■ Aim of the exercise
Each line from the opening of the records that follow to the line with "1 UNO – compacta" needs to be written out exactly. Add nothing.

■ ■ ■

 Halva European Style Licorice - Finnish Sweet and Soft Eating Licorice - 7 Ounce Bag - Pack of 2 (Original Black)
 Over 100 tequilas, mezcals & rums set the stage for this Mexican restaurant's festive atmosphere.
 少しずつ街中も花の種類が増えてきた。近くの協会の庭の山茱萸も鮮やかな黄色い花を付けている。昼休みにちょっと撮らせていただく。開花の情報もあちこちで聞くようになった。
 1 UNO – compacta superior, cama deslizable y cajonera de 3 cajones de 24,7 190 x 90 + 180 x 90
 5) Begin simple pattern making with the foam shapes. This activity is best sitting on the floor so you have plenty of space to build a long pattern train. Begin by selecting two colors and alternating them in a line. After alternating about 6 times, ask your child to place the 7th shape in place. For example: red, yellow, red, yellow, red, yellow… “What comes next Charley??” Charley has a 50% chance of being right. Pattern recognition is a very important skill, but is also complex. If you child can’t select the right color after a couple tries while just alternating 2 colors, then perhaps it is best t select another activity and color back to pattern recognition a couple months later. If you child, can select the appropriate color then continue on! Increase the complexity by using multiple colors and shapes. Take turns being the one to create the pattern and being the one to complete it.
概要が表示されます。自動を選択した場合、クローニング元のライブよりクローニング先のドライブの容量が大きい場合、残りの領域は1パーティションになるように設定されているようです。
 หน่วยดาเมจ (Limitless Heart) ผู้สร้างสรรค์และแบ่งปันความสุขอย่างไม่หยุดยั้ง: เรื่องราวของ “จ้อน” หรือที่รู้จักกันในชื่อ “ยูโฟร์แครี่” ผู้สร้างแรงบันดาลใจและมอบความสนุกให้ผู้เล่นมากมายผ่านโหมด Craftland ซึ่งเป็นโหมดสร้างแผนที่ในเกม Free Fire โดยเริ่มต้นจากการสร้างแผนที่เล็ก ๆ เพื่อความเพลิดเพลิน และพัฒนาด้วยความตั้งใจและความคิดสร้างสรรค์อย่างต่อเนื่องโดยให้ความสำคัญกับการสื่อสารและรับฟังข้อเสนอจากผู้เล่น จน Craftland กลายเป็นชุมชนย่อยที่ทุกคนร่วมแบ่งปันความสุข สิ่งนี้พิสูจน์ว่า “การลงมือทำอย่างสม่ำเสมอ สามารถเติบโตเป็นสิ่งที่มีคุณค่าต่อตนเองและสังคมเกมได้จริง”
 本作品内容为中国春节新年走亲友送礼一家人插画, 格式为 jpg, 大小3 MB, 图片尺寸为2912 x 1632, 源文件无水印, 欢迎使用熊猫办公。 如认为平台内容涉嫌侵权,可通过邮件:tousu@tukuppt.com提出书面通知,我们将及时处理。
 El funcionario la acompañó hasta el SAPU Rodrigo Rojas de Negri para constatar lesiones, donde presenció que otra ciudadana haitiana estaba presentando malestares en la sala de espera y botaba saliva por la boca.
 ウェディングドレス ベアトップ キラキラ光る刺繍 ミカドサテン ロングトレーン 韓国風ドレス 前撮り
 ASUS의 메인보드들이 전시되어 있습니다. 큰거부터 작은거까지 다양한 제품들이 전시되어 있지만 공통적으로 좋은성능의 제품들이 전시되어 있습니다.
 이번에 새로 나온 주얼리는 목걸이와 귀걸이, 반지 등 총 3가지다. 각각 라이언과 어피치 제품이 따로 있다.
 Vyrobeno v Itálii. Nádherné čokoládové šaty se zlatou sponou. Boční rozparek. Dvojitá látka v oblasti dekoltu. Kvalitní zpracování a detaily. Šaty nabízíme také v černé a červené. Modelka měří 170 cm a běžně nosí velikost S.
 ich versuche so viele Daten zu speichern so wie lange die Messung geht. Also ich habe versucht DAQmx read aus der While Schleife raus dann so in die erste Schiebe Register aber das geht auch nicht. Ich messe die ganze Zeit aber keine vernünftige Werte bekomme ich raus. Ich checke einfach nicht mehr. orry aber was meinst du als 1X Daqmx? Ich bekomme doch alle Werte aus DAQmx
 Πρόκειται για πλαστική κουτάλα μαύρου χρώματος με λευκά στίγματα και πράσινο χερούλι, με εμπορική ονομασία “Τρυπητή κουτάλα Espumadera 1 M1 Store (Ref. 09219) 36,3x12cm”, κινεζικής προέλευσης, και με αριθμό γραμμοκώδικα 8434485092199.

■ ■ ■

■ Response
 Halva European Style Licorice - Finnish Sweet and Soft Eating Licorice - 7 Ounce Bag - Pack of 2 (Original Black)
 Over 100 tequilas, mezcals & rums set the stage for this Mexican restaurant's festive atmosphere.
 少しずつ街中も花の種類が増えてきた。近くの協会の庭の山茱萸も鮮やかな黄色い花を付けている。昼休みにちょっと撮らせていただく。開花の情報もあちこちで聞くようになった。
 1 UNO – compacta superior, cama deslizable y cajonera de 3 cajones de 24,7 190 x 90 + 180 x 90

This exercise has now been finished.